Annals provides discussion tips and questions related to one original research article in each issue. We welcome you to post a summary of your conversation to our eLetters section, a forum for readers to share their responses to Annals articles. Further information and links to previous Annals Journal Club features can be found on our website.

CURRENT SELECTION

White VanGompel E, Singh L, Carlock F, Rittenhouse C, Ryckman KK, Radke S. Family medicine presence on labor and delivery: effect on safety culture and cesarean delivery. Ann Fam Med. 2024; 22(5): 375-382

Discussion Tips

The authors investigate whether different types of staffing models for obstetrics units (Family Medicine only, Obstetrics only, or both) were associated with rates of nulliparous, term, singleton, vertex (NTSV) cesarean deliveries and nursing survey results to investigate unit culture during a period in 2021. The data came from a statewide quality improvement program that appeared to have good uptake, which allows for a good view of the states obstetrics systems. The goal of studying the outcomes is presumably to link the different unit types to the risk of severe maternal morbidity and mortality.

Discussion Questions

  • What question is asked by this study and why does it matter?

  • How does this study advance beyond previous research and clinical practice on this topic?

  • How strong is the study design for answering the question?

  • What is a cross-sectional study? What are the strengths/weaknesses of this type of study design?
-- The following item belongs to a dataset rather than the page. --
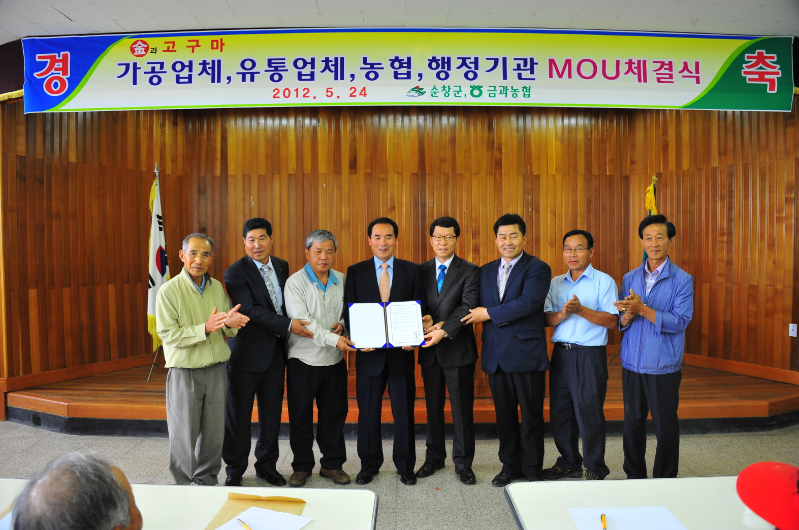 - 금과고구마 유통협약식이 24일 금과면(면장 허관욱)주관으로 금과농협 회의실에서 가공업체와 유통업체, 농협, 행정기관 등 4개기관의 MOU 체결식을 가졌다. 이날 협약식에는 황숙주 군수를 비롯해 전분가공업체 (주)서안(대표 이병수) 유동건 전무, 강서농산물공판장(대표 유택신) 임연태 팀장, 농협중앙회 도매사업부(부장 권기춘) 김오식 팀장, 금과농협(조합장 조현표)고구마작목반 공황규 반장, 고구마 생산농가 등 100여명이 참석했다. 웰빙식품인 금과고구마는 청정지역 순창에서도 황토땅으로 유명한 금과에서 나는 대표 특산물로, 군은 금과의 지리적 강점을 활용한 브랜드 전략으로 고구마 판매를 극대화시킬 방침이다. -2012. 5. 24-

  • What is a counterfactual; how does this concept relate to this study?

  • Are there predictors that were not included in the statistical model that you feel would improve the modeling of the NTSV?

  • To what degree can the findings be accounted for by:

    • ∘ Differences in risk of obstetrical patients?

    • ∘ Other individual patient and/or community characteristics?

    • ∘ Differences in obstetrical staffing models?

  • What are the main study findings?

  • How comparable is the study sample to similar patients in your practice or region? What is your judgment about the transportability of the findings?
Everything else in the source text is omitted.